Steve Mnuchin is no Bitcoin fan.
The US Treasury Secretary took shots at the cryptocurrency in July 2019, calling it an equivalent of “Swiss-numbered bank accounts” that facilitated money laundering and other illicit financial activities.
“I want to be careful that anybody who’s using bitcoin — regardless of what the price is — is using it for proper purposes and not illicit purposes,” he told CNBC in an interview. “And there are billions of dollars of transactions going on in bitcoin and other cryptocurrencies for illicit purposes.”
Former national security advisor John Bolton later revealed in his book that Donald Trump had ordered Mr. Mnuchin to “go after Bitcoin.” Incidentally, the outgoing president had bad-mouthed the cryptocurrency a few days before Mr. Mnuchin went live on CNBC to further tear it apart.
But the Trump administration went mum on their witch-hunt later, barring this one time in February 2020 when Mr. Mnuchin told the Senate Finance Committee that they were looking into regulating cryptocurrencies.
The next month, BTC/USD crashed by almost 60 percent amid a global market rout led by the lockdowns imposed to curb the spread of coronavirus pandemic. Traders with exposure in Bitcoin as well as traditional markets sold the former to cover their losses elsewhere. They sought cash.
Later, the Federal Reserve intervened with its near-zero interest rates and infinite bond-buying programs to aid the US economy through the pandemic. The US Congress, meanwhile, passed a $2.3 trillion stimulus package to help the American households and individuals with a $1,200 monthly benefit.
The surprise money injection pressured the US dollar into trending lower. Meanwhile, the emergency lending programs safeguarded the US economy against pandemic-led stress.
But its presence also reduced the appeal of government and corporate Treasurys by lowering their yields. As a result, investors looking for profitable alternatives decided to put their cash into riskier assets, benefiting the stock and gold market.
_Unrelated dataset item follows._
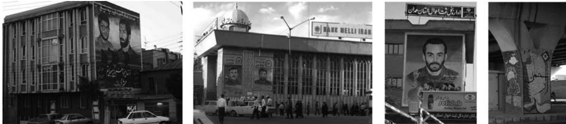
اشکال ۱۱-۱۴: نقاشی‌های دیواری در مکان‌های مختلف شهر همدان

انتخاب دیوار یک امر کارشناسانه است؛ و انتخاب اثری شایسته و ارزنده بر دیوارهای منتخب نیز کاری است که از کارشناسان هنری باید انتظار داشت. هر دیوار وسیع و خالی از تصویر که در محل تردد شهروندان قرار گرفته نمی‌تواند فضای مناسبی برای اجرای نقاشی‌های دیواری باشد. با جابه‌جایی یک تصویر نقاشی و انتقال آن به دیواری دیگر می‌توان شرایط هر دو دیوار را به لحاظ بصری مناسب کرد، و با حفظ ارزش‌های دفاع مقدس، می‌توان آلودگی‌های بصری و تصمیم‌گیری‌های غیر کارشناسانه را تعدیل نمود. به طور مثال اگر یک نقاشی از شکل ۱۵ بر دیوار شکل ۱۶ منعکس شود و در نتیجه شکل ۱۷ حاصل شود، با توجه به زاویه خیابان خواجه رشید نمای ساختمان و تصویر چهره شهید مختل نمی‌شود. اما اگر به این دو اثر توجه شود می‌توان دریافت که در شکل ۱۵ نقاشی چهره شهید با پنجره‌ها شرایط نامطلوبی را ایجاد کرده که بجز دیده نشدن چهره شهید، نمای ساختمان نیز از منظر تصویری آشفته شده است. به همین طریق اگر به شکل ۱۶ نیز رجوع شود می‌توان دریافت که آشفته‌گی تصویر، نیمه‌کاره رها شدن، کثیف شدن دیوار و اضافه شدن - نوشته بلوک ۷ - بر مضامین نقاشی باعث شده که مخاطب با یک اثر چکنویس و نه پاک‌نویس مواجه شود. تعداد کثیر این آثار در این خیابان فوریت بازنگری را برای تصمیمات مسئولین مضاعف می‌سازد (اردلانی، ۱۳۹۲).

Bitcoin became the biggest beneficiary of the Fed’s expansionary policies. The cryptocurrency rose from its mid-March low of $3,858 to as high as $18,830 on November 20.
Part of the reason behind its rally was institutionalization. Many big corporations replaced their cash reserves with Bitcoin, noting that the US dollar’s long-term outlook was severely bearish due to its open-ended supply.
Bitcoin, on the other hand, has a supply cap of just 21 million tokens. About 18 million of those units are already in circulation.
Mnuchin Ends Emergency Lending Programs
But Mr. Mnuchin returned to spoil the bullish party. On Thursday night, he decided to not extend the Fed’s emergency facilities created to lend to the Main Street firms and state and local governments and support asset-backed securities.
The markets reacted negatively to the news. While the US stocks closed lower on Friday, gold also plunged and traded near its local support level. But surprisingly, Bitcoin emerged harmless out of the Mnuchin-led FUD.
Conversely, Bitcoin reached another year-to-date high on Friday as it moved further closer to its all-time peak of $20,000.
The reason was a flurry of optimistic news and mainstream media coverages that kept Bitcoin sentiment higher. For instance, ARK Investment Management CEO Catherine Wood told Barron on Friday that Bitcoin could hit $500,000.
Meanwhile, BlackRock CEO Rick Rieder told CNBC on the same day that Bitcoin could $9 trillion asset class gold in the future. Visa CEO Alfred Kelly further anticipated that the usage of Bitcoin would grow further amid social distancing norms.
Their statements followed as more and more billionaire investors and firms revealed their Bitcoin positions in recent days. That included Mexican billionaire Ricardo Salinas Pliego who said that 10 percent of his net portfolio has exposure in cryptocurrency.
So it appears, BTC/USD finally showed strengthening signs of becoming an independent asset. The cryptocurrency’s lack of responsiveness to Mr. Mnuchin’s anti-economy proved its resilience.
Of course, Steve Mnuchin is no Bitcoin fan.